# Aggregation Operators¶

## GROUP BY¶

This operator computes group by aggregates on the input relation. Group by lets us specify the dimensions (or columns) on which the group bys are computed, the aggregation functions, the corresponding input columns, and optionally the names of the output columns of the computed aggregates. Group by operator supports SUM, COUNT, MIN, MAX, COUNT_DISTINCT and UDAFs (user defined aggregation functions).

The output tuples from this operator will contain all the group by columns and also the output columns from the aggregation functions.

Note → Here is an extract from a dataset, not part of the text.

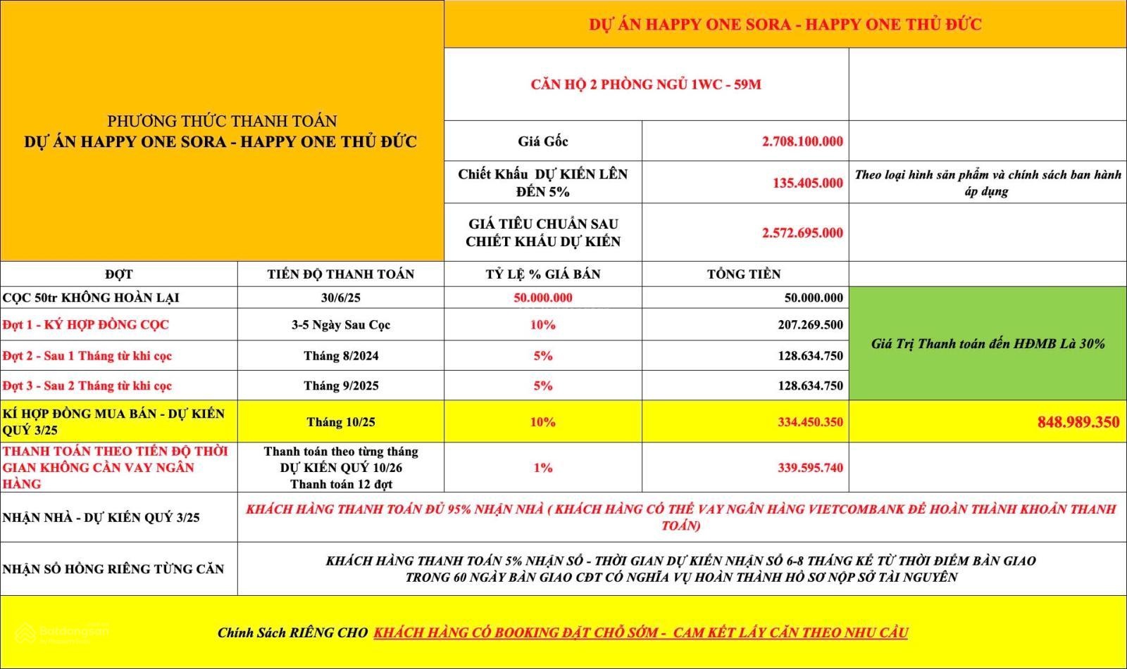 Ngân hàng Vietcombank bảo lãnh hỗ trợ vay 0% lãi suất tới nhận nhà. Sau 2 năm thanh toán 1%/tháng.

Sample usages of GROUP BY operator.

```
// compute group by on two group by keys, compute sum aggregate on uniqueDaily and return the sum in a column named uniqueDailySum of type long
output = GROUP data BY country_sk, default_locale_sk AGGREGATES SUM(uniqueDaily) AS uniqueDailySum;
// compute multiple aggregates
output = GROUP data BY storeId AGGREGATES COUNT(tranId) AS tranCount, SUM(sales) AS totalSales;
```

PRECONDITIONS: The input relation must be *partitioned* and *sorted* on the group by columns. For COUNT_DISTINCT aggregations, the input relation must be *partitioned* and *sorted* on concatenation of group by columns and the count distinct column.

## CUBE¶

This operator computes multiple group by over the input dataset. See *Aggregation: Cube and Grouping Sets* on a discussion of the OLAP Cube and grouping sets.

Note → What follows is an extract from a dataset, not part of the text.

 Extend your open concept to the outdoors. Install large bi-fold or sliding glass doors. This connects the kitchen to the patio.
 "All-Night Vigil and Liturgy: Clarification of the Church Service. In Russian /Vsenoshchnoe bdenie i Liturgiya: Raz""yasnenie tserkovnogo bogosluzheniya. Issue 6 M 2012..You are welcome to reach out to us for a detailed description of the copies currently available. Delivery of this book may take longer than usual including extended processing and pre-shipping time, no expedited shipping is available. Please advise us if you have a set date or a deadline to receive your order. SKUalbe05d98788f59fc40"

The operator can compute two kinds of aggregates: Additive and Partitioned-Additive (see *Aggregation: Cube and Grouping Sets*).

### Additive Aggregates¶

Cubert supports following builtin aggregators: SUM, COUNT, MIN, MAX.

Example usage: computing a complete OLAP cube on two dimensions.

```
JOB "cube additive computing a full OLAP cube."
REDUCERS 10;
MAP {
// load the fact table
data = LOAD "$inputFactTable" USING AVRO;
// compute "full" cube
data = CUBE data BY dim0, dim1 AGGREGATES SUM(measure) AS sum;
}
SHUFFLE data PARTITIONED ON dim0, dim1 SORTED ON dim0, dim1 AGGREGATES SUM(measure) AS sum;
REDUCE {
result = GROUP data BY dim0, dim1 AGGREGATES SUM(sum) AS sum:long;
}
STORE result INTO "output/cube" USING AVRO;
END
```

PRECONDITIONS: None.

### Partitioned Additive Aggregators¶

CUBE operator can also compute OLAP cube count distinct on the input relation. In its specification, it takes the list of dimensions, the partitioning measure to compute count distinct on and the corresponding output column names.

Optionally the grouping sets can be specified, listing the group by key combinations to be computed. If no grouping sets is specified, the full OLAP cube is computed.

```
JOB "OLAP cube count distinct operator"
REDUCERS 10;
MAP {
// load the fact table
data = LOAD "$inputFactTable" USING RUBIX;
data = FROM data GENERATE memberId, search_type, platform_type, country_sk, locale_sk,
CASE (date_sk == "2014-02-06", memberId) AS todayMemberId;
// OLAP CCD computation on a grouping set
cube = CUBE data BY country_sk, locale_sk, search_type, platform_type INNER memberId
AGGREGATES COUNT_DISTINCT(memberId) AS uniqueWeekly:LONG, [SUM, COUNT_TO_ONE](todayMemberId) AS uniqueDaily
GROUPING SETS (country_sk, locale_sk, search_type, platform_type),
(country_sk, locale_sk, search_type),
(country_sk, locale_sk, platform_type),
(country_sk, locale_sk);
}
SHUFFLE cube PARTITIONED ON country_sk, locale_sk, search_type, platform_type
SORTED ON country_sk, locale_sk, search_type, platform_type;
REDUCE {
output = GROUP cube BY country_sk, locale_sk, search_type, platform_type
AGGREGATES SUM(uniqueWeekly) AS uniqueWeekly:long, SUM(uniqueDaily) AS uniqueDaily;
}
STORE output INTO "$output/ccdOutput" USING AVRO;
END
```

Note

Using CUBE Shuffle Command

See the section on using the *CUBE shuffle command* that describes a much compact (and less error prone) form for this operator.

PRECONDITIONS: The input data must be *partitioned* and *sorted* on the measure (*memberId* in the above example).